What to produce: From the records below, transcribe exactly the lines that begin at the line with "为深入贯彻全面从严治党要求,落实二十届中" and end at the line with "The auxiliary panels", both included.

Data shown:
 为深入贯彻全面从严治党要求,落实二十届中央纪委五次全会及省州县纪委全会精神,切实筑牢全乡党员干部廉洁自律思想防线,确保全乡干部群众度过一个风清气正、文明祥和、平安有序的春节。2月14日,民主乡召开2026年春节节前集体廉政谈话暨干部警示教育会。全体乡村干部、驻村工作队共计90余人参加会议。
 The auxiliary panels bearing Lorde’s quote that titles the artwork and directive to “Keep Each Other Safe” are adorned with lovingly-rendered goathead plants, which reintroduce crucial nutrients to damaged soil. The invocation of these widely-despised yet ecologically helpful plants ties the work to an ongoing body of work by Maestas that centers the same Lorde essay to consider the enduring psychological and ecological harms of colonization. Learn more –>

* * *

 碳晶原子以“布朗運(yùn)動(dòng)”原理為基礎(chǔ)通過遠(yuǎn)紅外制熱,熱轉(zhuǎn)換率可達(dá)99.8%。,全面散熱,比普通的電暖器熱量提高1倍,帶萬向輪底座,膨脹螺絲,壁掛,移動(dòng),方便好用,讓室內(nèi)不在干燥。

Response below:
 为深入贯彻全面从严治党要求,落实二十届中央纪委五次全会及省州县纪委全会精神,切实筑牢全乡党员干部廉洁自律思想防线,确保全乡干部群众度过一个风清气正、文明祥和、平安有序的春节。2月14日,民主乡召开2026年春节节前集体廉政谈话暨干部警示教育会。全体乡村干部、驻村工作队共计90余人参加会议。
 The auxiliary panels bearing Lorde’s quote that titles the artwork and directive to “Keep Each Other Safe” are adorned with lovingly-rendered goathead plants, which reintroduce crucial nutrients to damaged soil. The invocation of these widely-despised yet ecologically helpful plants ties the work to an ongoing body of work by Maestas that centers the same Lorde essay to consider the enduring psychological and ecological harms of colonization. Learn more –>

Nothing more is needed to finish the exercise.